Irvin was the Cowboys’ loquacious and bombastic leader who doubled as the best receiver in franchise history; Griffin the street-smart and charismatic persona that rocketed from a meteorologist in Wichita Falls to pre-TMZ Harvey Levin.

It was 24 years ago – during TV ratings’ “sweeps” week – that NBC5 aired Griffin’s “Tarnished Star” expose. Leading the 10 p.m. newscast for six consecutive nights, the series centered on a hidden-camera investigation of Irvin. The series won Griffin awards and earned Irvin a seven-game suspension.
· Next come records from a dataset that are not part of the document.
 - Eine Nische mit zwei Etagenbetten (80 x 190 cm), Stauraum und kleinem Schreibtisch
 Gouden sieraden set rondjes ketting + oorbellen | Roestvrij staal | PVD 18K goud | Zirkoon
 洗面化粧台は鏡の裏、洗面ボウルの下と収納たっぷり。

But Griffin followed it up with a story about a rape charge.

That story imploded, Griffin was fired and the Cowboys players each won $1.1 million settlements from NBC5.

These days Griffin, now 61 and a cancer survivor, has moved back to his native Pittsburgh where he hosts a daily radio talk show and has launched a do-good charity, Sparkt.
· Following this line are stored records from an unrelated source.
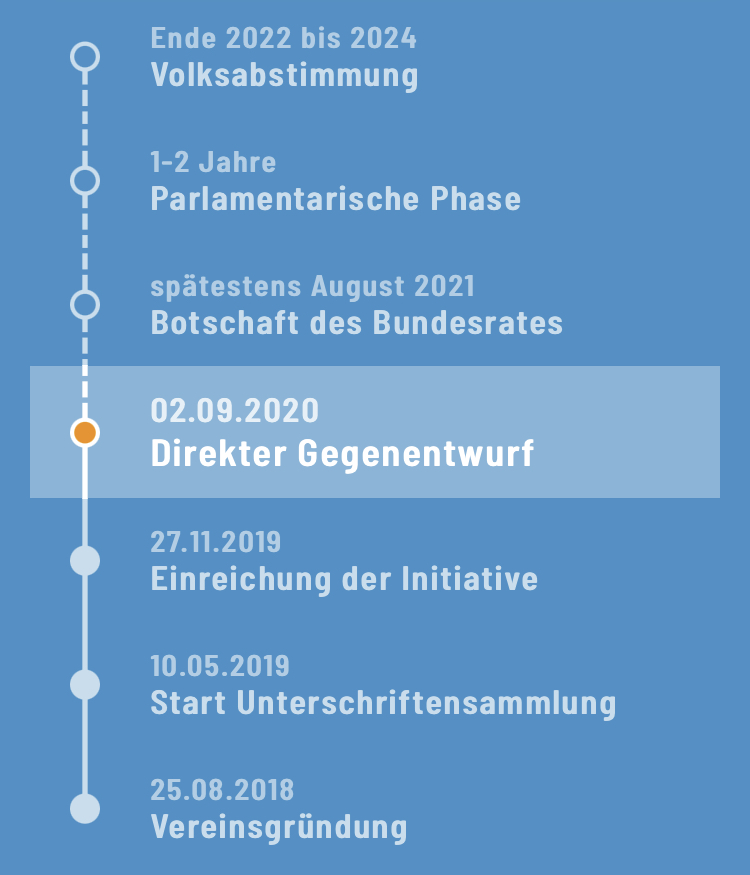 After having reached the necessary 100'000 votes, the initiative had been sent to the Federal Counsil on the 27th of November 2019.
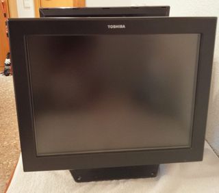 TPV Toshiba con pantalla para cliente. - Marca: Toshiba - Tipo: TPV (Terminal Punto de Venta) - Configuración: Doble pantalla (una principal y una secundaria para el cliente) - Prodente de Restaurante TGB The Good Burger, funcionando perfectamente.
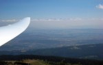 Wenige Tage später, am 3. August, flog Axel mit seiner Co-Pilotin in seiner ASH-25 motorlos bis in die Sächsische Schweiz und ins Tschechisch-Deutsche Grenzgebiet. In Höhen bis zu 2.900 Metern über NN in angenehm kühler Luft legten die beiden 848 Kilometer im neunstündigen Flug zurück.
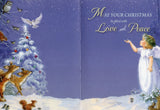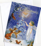 "Christmas Blessings" Golden Angel Girl With Animals Snowing Christmas Tree Sparkling Christmas Greeting Card

“I don’t necessarily regret it,” Griffin says now of his days investigating the Cowboys. “But could me and the station have handled it all better? Of course. In retrospect, it wasn’t worth it. I grew up. I’m a better man now.”

*Now that I’m again working out, I realize I did a horrible job of working in. Hello, “binge butt.”

*Hot.

*Not.

*Best Cowboys’ all-time basketball players:

1. Cornell Green – 5 Pro Bowls

2. LeBron James* - Because he was never actually a Cowboy

3. Terrell Owens* – Because he stood on the star

4. Preston Pearson – 24th all-time in catches

5. Martellus Bennett – Flourished after leaving town

6. Pete Gent – Better known for authoring North Dallas Forty

7. Percy Howard – Only NFL catch was TD in Super Bowl X

8. Rico Gathers – Great athleticism + sure hands = 3 career catches

9. Pat Riley – Shrewd career choice begat 5 NBA titles

*Not that it means a damn thing – Greggo and I once made the list for crying out loud – but The Fan’s Shan & RJ is ranked No. 19 on Talkers.com’s “Heavy Hundred” of the country’s most influential sports talk-radio shows. Their morning show competition – The Ticket’s Dunham & Miller – is No. 20.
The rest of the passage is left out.